● Required action:
Below is a listing with pictures in it; transcribe exactly the lines from the one that has "Fuguang double-layer glass" through the one that has "Sometimes a project", and omit those pictures.

● Entries supplied:
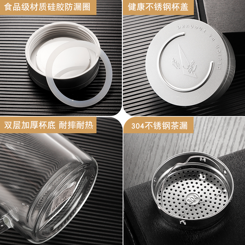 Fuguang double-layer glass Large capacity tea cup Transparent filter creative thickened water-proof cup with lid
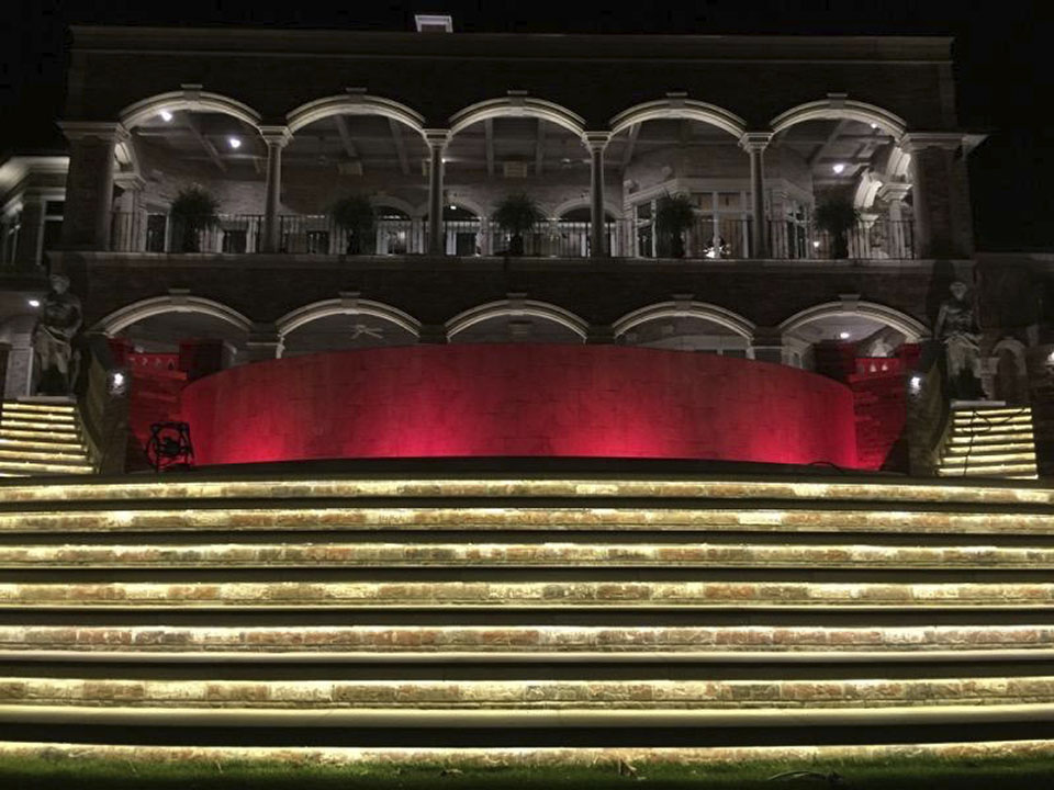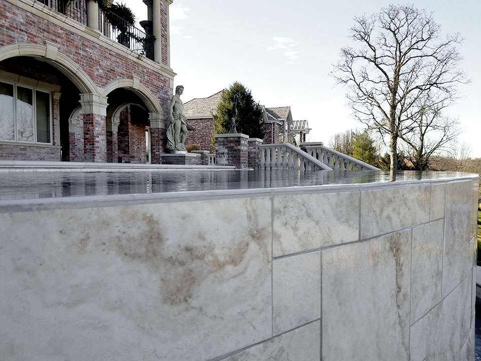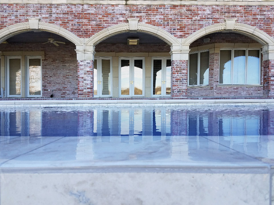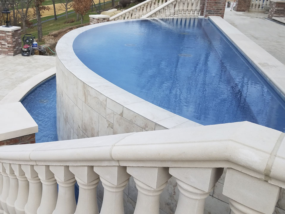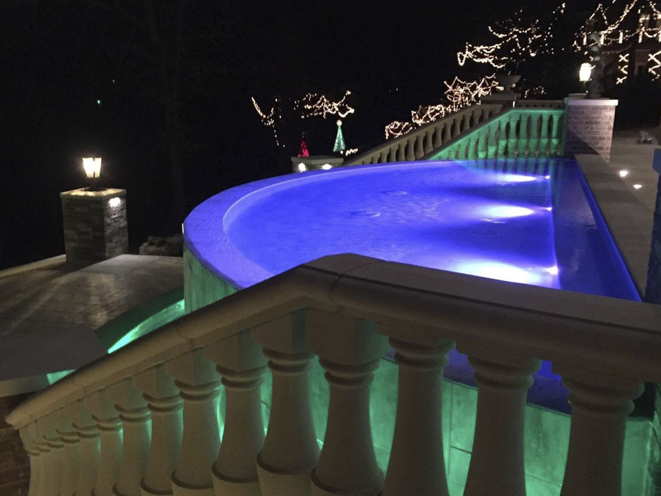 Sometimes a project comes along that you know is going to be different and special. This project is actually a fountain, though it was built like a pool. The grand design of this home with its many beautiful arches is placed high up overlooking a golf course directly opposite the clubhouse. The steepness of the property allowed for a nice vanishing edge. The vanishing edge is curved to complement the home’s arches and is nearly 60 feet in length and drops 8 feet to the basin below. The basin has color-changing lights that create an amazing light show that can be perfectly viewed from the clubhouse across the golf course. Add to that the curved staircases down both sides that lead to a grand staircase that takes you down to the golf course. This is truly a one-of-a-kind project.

...

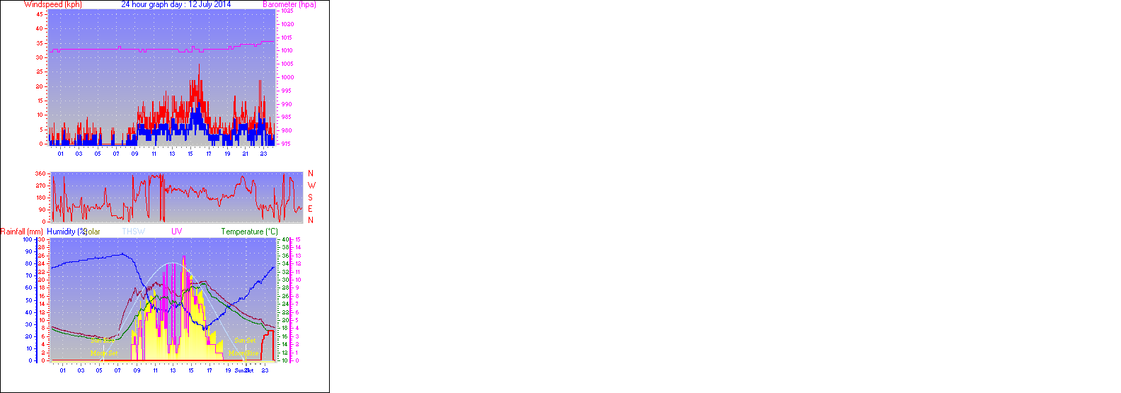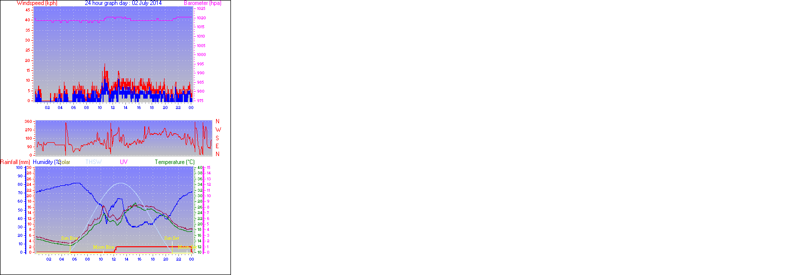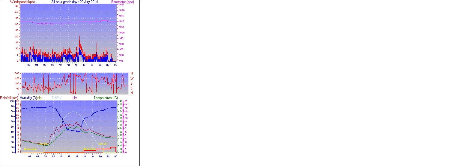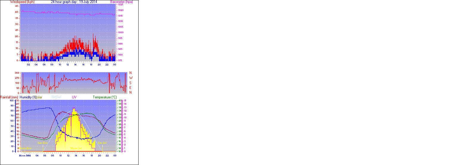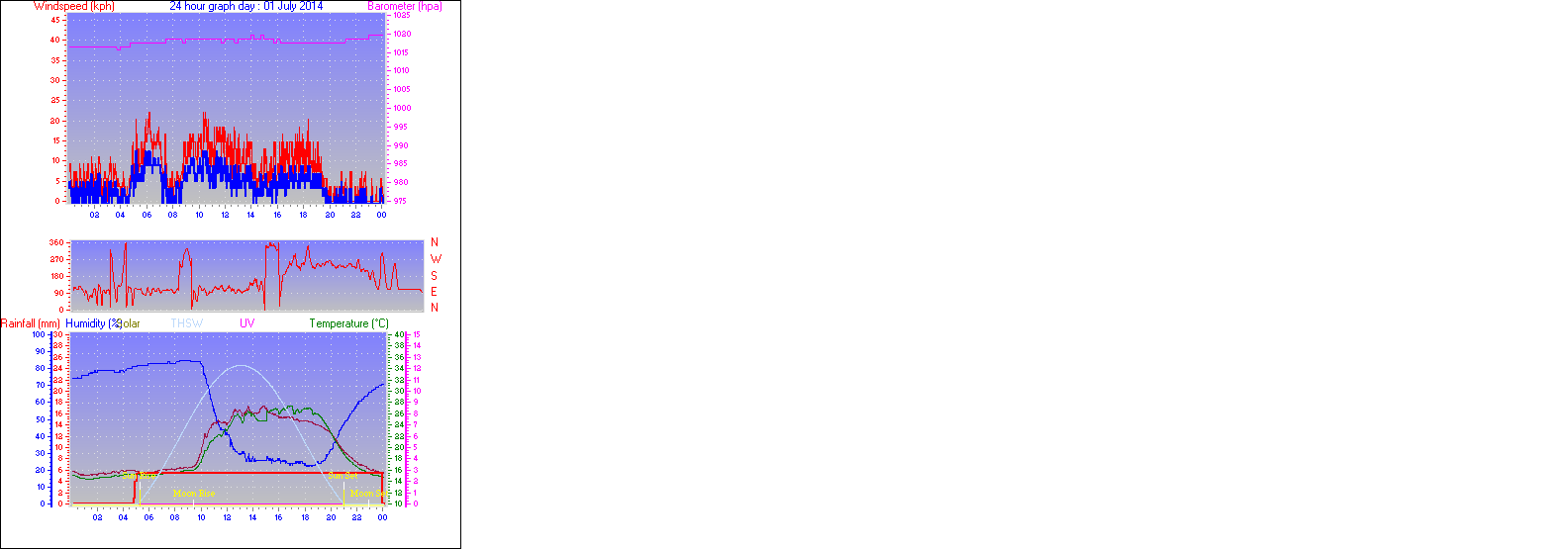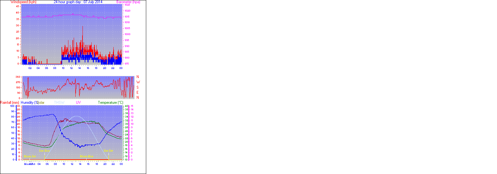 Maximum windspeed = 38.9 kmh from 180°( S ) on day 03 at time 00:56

● Exercise response:
 Fuguang double-layer glass Large capacity tea cup Transparent filter creative thickened water-proof cup with lid
 Sometimes a project comes along that you know is going to be different and special. This project is actually a fountain, though it was built like a pool. The grand design of this home with its many beautiful arches is placed high up overlooking a golf course directly opposite the clubhouse. The steepness of the property allowed for a nice vanishing edge. The vanishing edge is curved to complement the home’s arches and is nearly 60 feet in length and drops 8 feet to the basin below. The basin has color-changing lights that create an amazing light show that can be perfectly viewed from the clubhouse across the golf course. Add to that the curved staircases down both sides that lead to a grand staircase that takes you down to the golf course. This is truly a one-of-a-kind project.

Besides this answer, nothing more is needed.